The reply must contain exactly the lines below from the one with "ハンディをご理解頂き生涯寄り添って可愛がって頂ける方を募集しています。 宜しくお願い致します。 |" down to the one with "该路由主体采用柱形渐变透明外", both included, and nothing more; please omit the pictures.

# # #

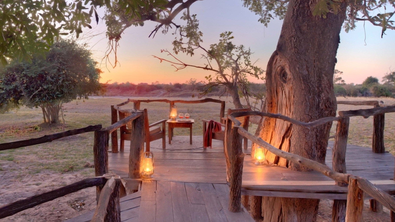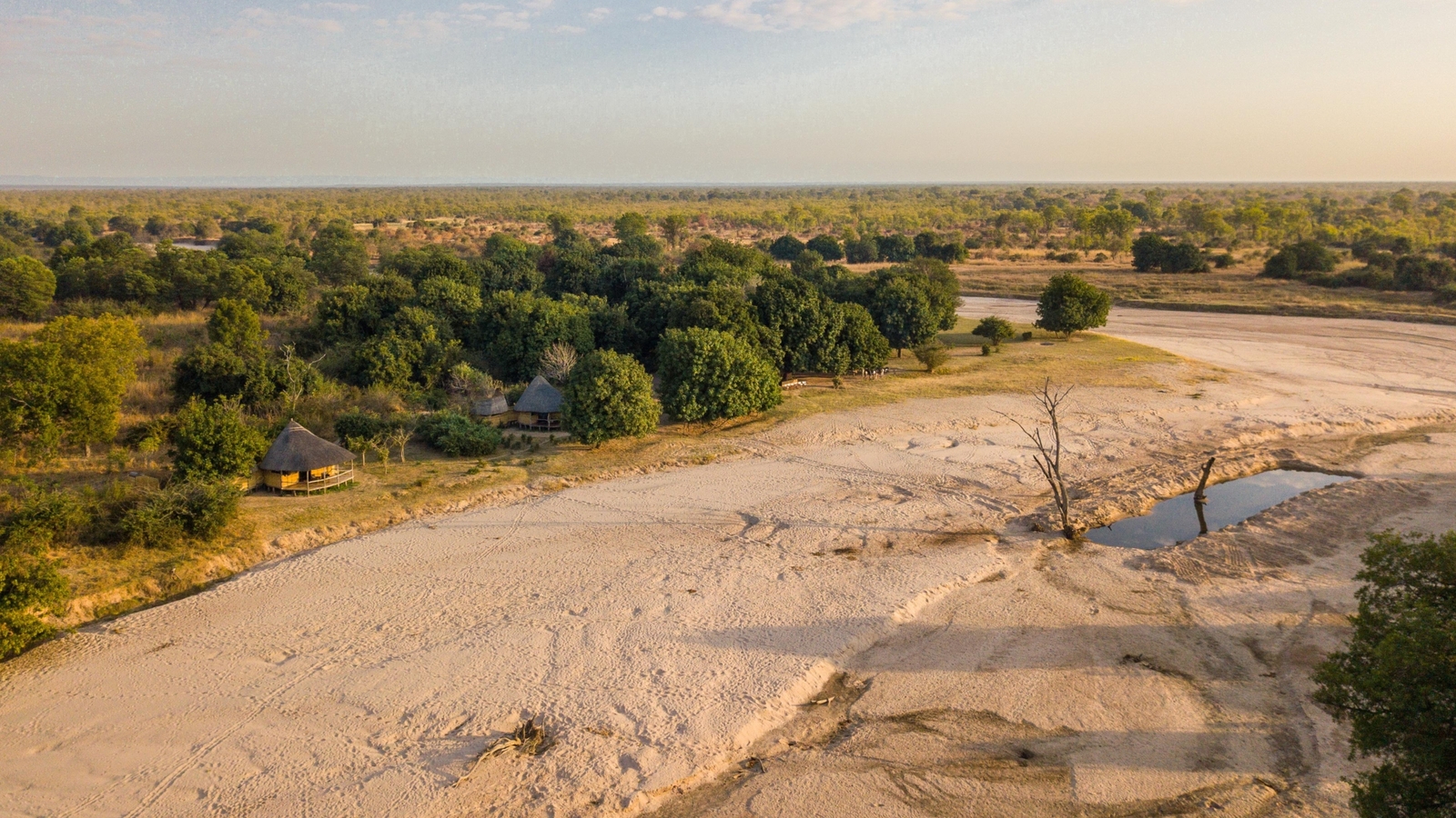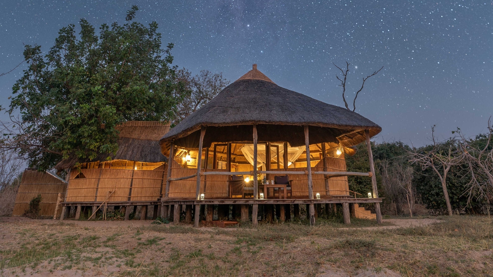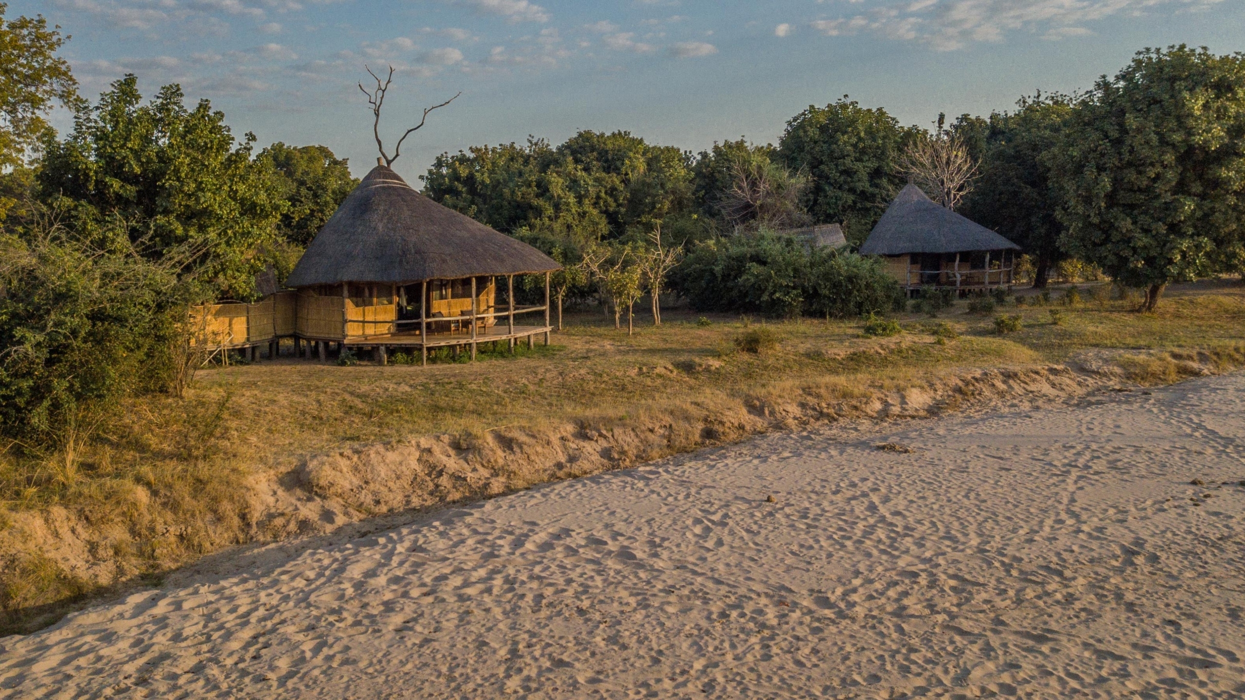 Four spacious chalets sit on raised wooden decks with grass and reed walls and large, open air en-suite bathrooms. Each chalet runs on solar power and is set under the shade of evergreen trees with private verandahs overlooking the surrounding bush and waterholes in the Luwi River.
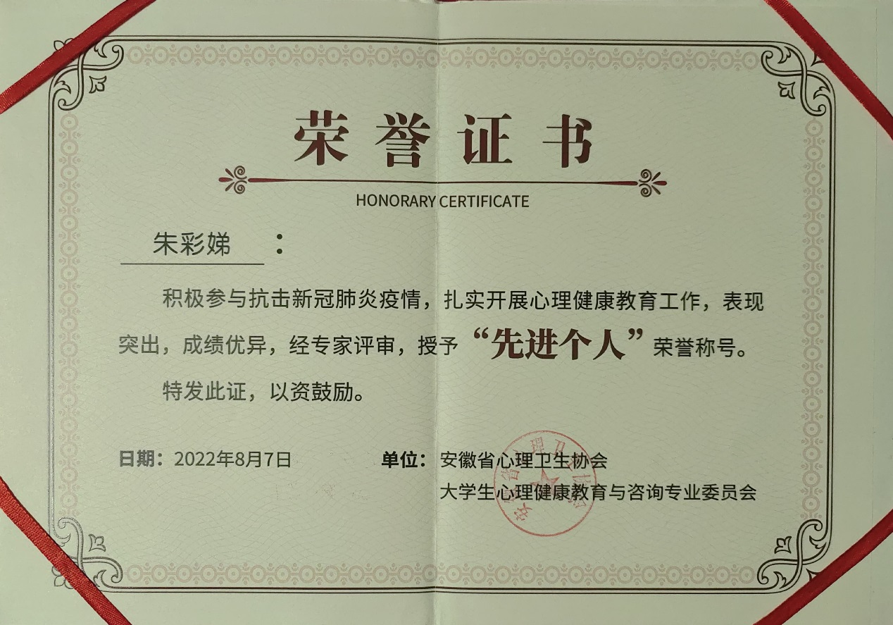 7日下午🙆🏻♀️🪲,在本次论坛闭幕式暨颁奖典礼上👱🏻🤍,省心协大专委对2020年以来,在抗击新冠肺炎疫情工作中表现突出的心理健康教育工作者进行了表彰并颁发证书,经专家评审,彩神Vll朱彩娣老师被授予“先进个人”荣誉称号🚦。
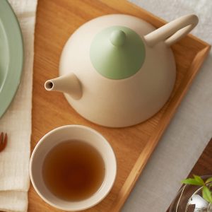 | Design | Teapot: Pointed hat-shaped lid with a minimalist spout Cups: Smooth. rounded design in Morandi colors (e.g.. dusty pink. sage green. misty blue) |
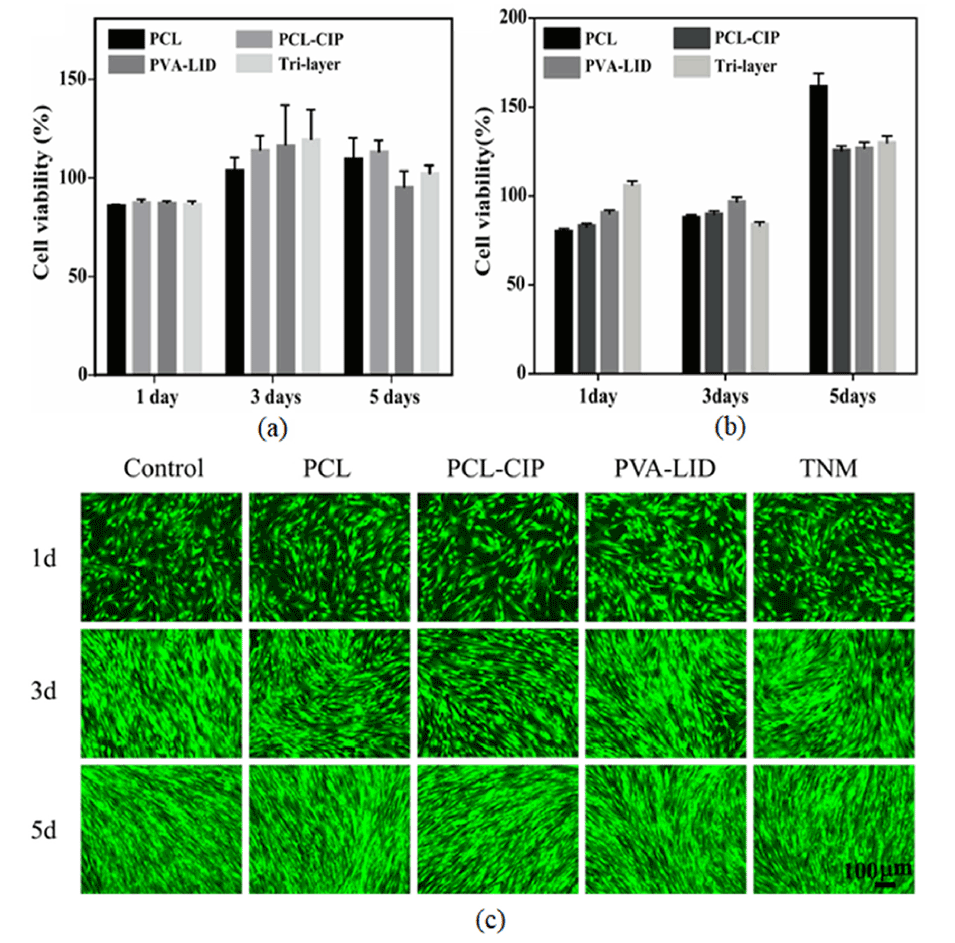 图7 不同纳米纤维膜对(a) L929细胞和(b)成纤维细胞的细胞毒性;(c)成纤维细胞1、3、5天的荧光成像。
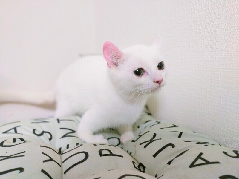 | 特徴(性格など) | 純血種アメリカンカールの子猫ちゃんです。色は真っ白でとても可愛いです 性格は優しくて、甘えん坊さんです。 抱っこも大丈夫です。 また、ハンディがあり、生まれつき前足が曲がっていますが、とっても元気で歩くことやトイレや食事など普段の生活に問題はありません。 ハンディをご理解頂き生涯寄り添って可愛がって頂ける方を募集しています。 宜しくお願い致します。 |
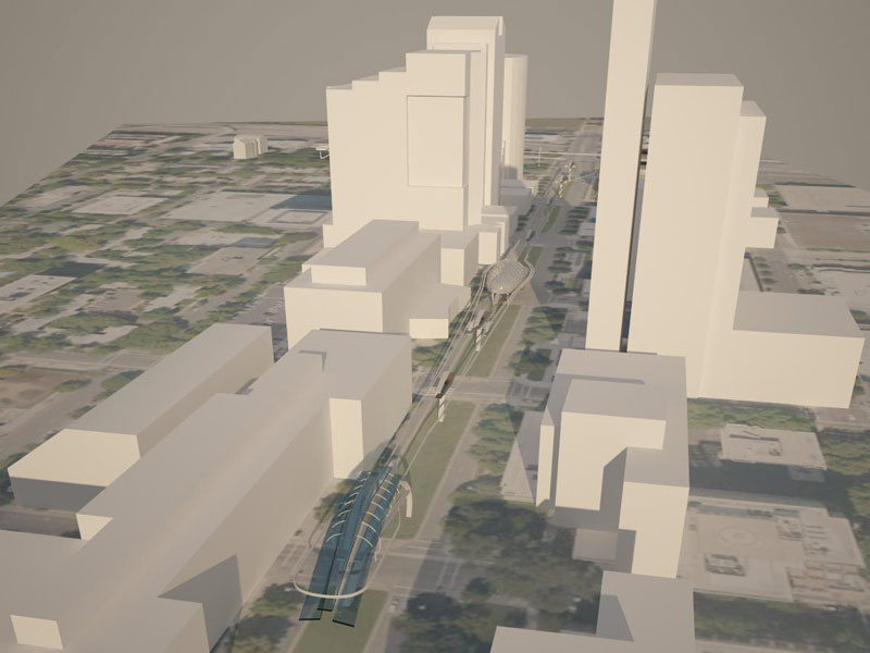 Конкурсная работа Тополева Вадима. Монорельсовая железная дорога «Дух времени». Сакраменто, США.
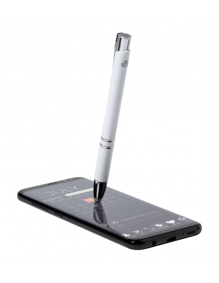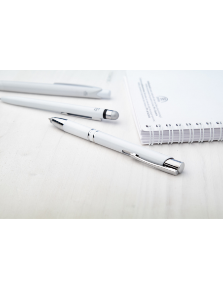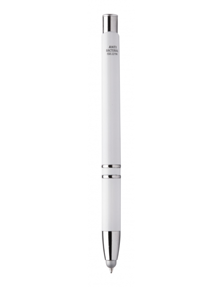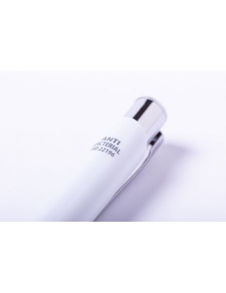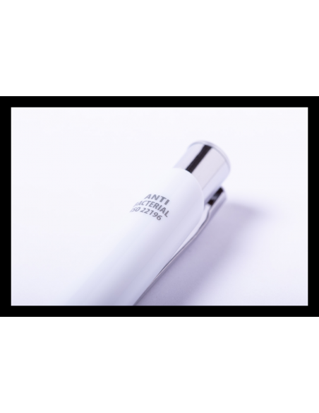 Antibacterial plastic ballpoint and touch screen pen with blue refill. ISO 22196 compliant.
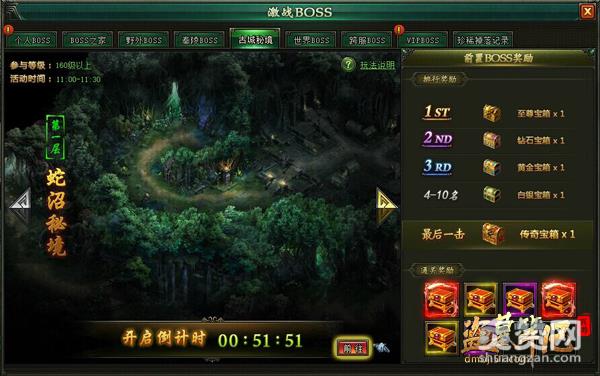 神秘的沼泽,离奇诡异的秦岭,古城秘境全新的地图场景带你前往年代悠久的荒凉古城。古城一天开放四次,每次持续30分钟,玩家角色到达160级后即可进入尸变怪物聚集地,在有限的时间内逐层击败尸变BOSS,收集全新的官职装备。集齐装备后玩家们不仅能享有套装属性加成,更有强有力套装技能、称号及炫彩法阵光环围绕,绝对是一个赤裸裸的实力展现。
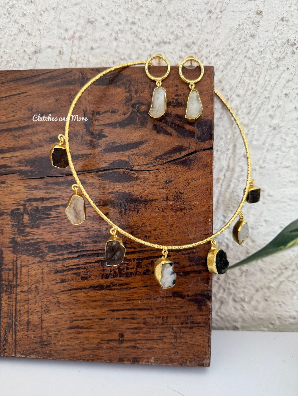 Elevate your everyday or festive look with the Ishana Choker Set — a minimal yet striking piece that blends earthy elegance with artisanal charm. This handcrafted brass choker features an eclectic mix of raw-cut semi-precious stones in organic shapes, each uniquely framed in matte gold. Paired with elegant matching drop earrings, this set brings a boho-luxe statement to both Indian and Western outfits.
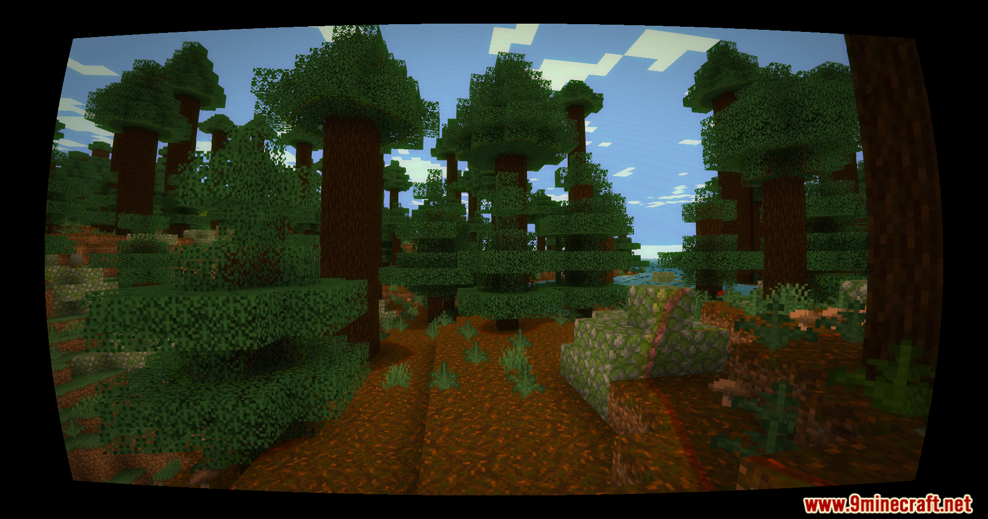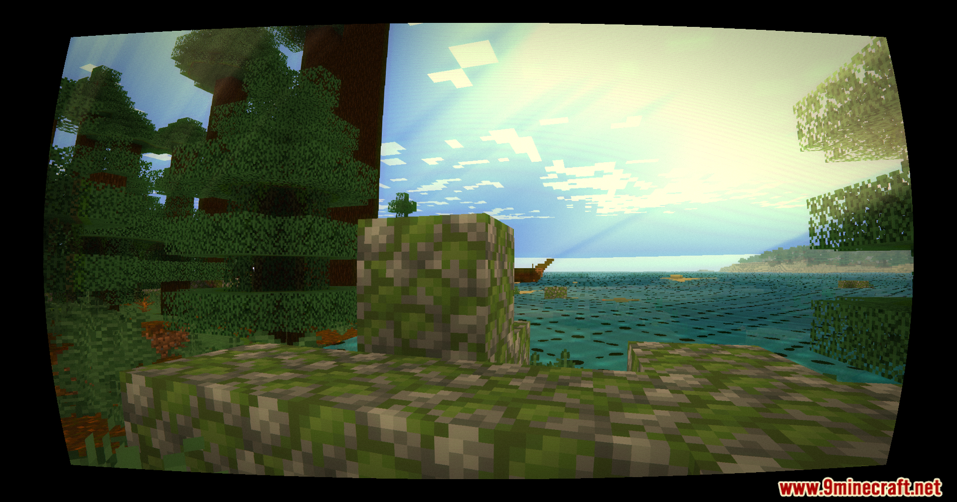Nostalgia-Ultra Shaders (1.21.11, 1.20.1) focuses on color grading, lighting, sky rendering, and water visuals to match the look of the 2011–2013 era. It uses warm, saturated colors, a bright blue sky, vibrant green grass, and soft lighting similar to classic releases. Optional CRT-style effects further reinforce the retro presentation.
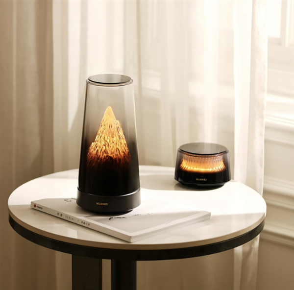 该路由主体采用柱形渐变透明外壳,里面是一个会发光的山峰饰品,纯黑底座印有金色的HUAWEI Logo。
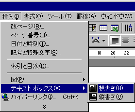 | (1) | メニューバーの[挿入]−[テキストボックス]から[横書き]または[縦書き]を選び、文字を入力したい所でドラッグすると、テキストボックスが作られます。
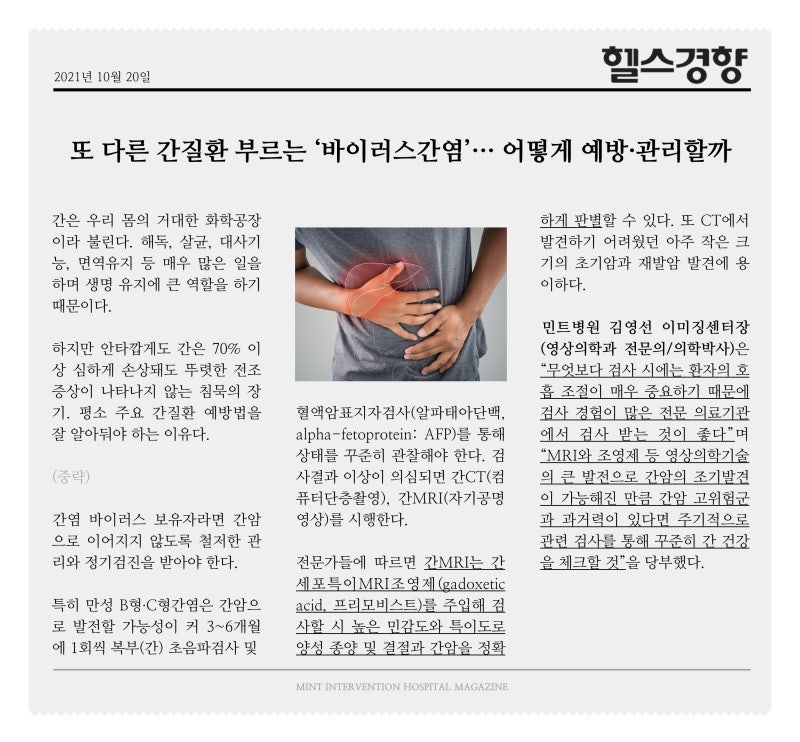 중국의 간암 사망률은 10만 명당 약 20.7명으로 폐암 다음으로 높은 암 사망률이다. 34.8명이 폐암에 걸렸습니다. 통계청에 따르면 간암은 특히 경제활동인구인 40~50대에서 암 사망률이 가장 높다. 그렇기 때문에 간암은 우리가 항상 경계해야 하는 가장 치명적인 질병 중 하나입니다.

# # #

**Result for this task:**
 | 特徴(性格など) | 純血種アメリカンカールの子猫ちゃんです。色は真っ白でとても可愛いです 性格は優しくて、甘えん坊さんです。 抱っこも大丈夫です。 また、ハンディがあり、生まれつき前足が曲がっていますが、とっても元気で歩くことやトイレや食事など普段の生活に問題はありません。 ハンディをご理解頂き生涯寄り添って可愛がって頂ける方を募集しています。 宜しくお願い致します。 |
 Конкурсная работа Тополева Вадима. Монорельсовая железная дорога «Дух времени». Сакраменто, США.
 Antibacterial plastic ballpoint and touch screen pen with blue refill. ISO 22196 compliant.
 神秘的沼泽,离奇诡异的秦岭,古城秘境全新的地图场景带你前往年代悠久的荒凉古城。古城一天开放四次,每次持续30分钟,玩家角色到达160级后即可进入尸变怪物聚集地,在有限的时间内逐层击败尸变BOSS,收集全新的官职装备。集齐装备后玩家们不仅能享有套装属性加成,更有强有力套装技能、称号及炫彩法阵光环围绕,绝对是一个赤裸裸的实力展现。
 Elevate your everyday or festive look with the Ishana Choker Set — a minimal yet striking piece that blends earthy elegance with artisanal charm. This handcrafted brass choker features an eclectic mix of raw-cut semi-precious stones in organic shapes, each uniquely framed in matte gold. Paired with elegant matching drop earrings, this set brings a boho-luxe statement to both Indian and Western outfits.
Nostalgia-Ultra Shaders (1.21.11, 1.20.1) focuses on color grading, lighting, sky rendering, and water visuals to match the look of the 2011–2013 era. It uses warm, saturated colors, a bright blue sky, vibrant green grass, and soft lighting similar to classic releases. Optional CRT-style effects further reinforce the retro presentation.
 该路由主体采用柱形渐变透明外壳,里面是一个会发光的山峰饰品,纯黑底座印有金色的HUAWEI Logo。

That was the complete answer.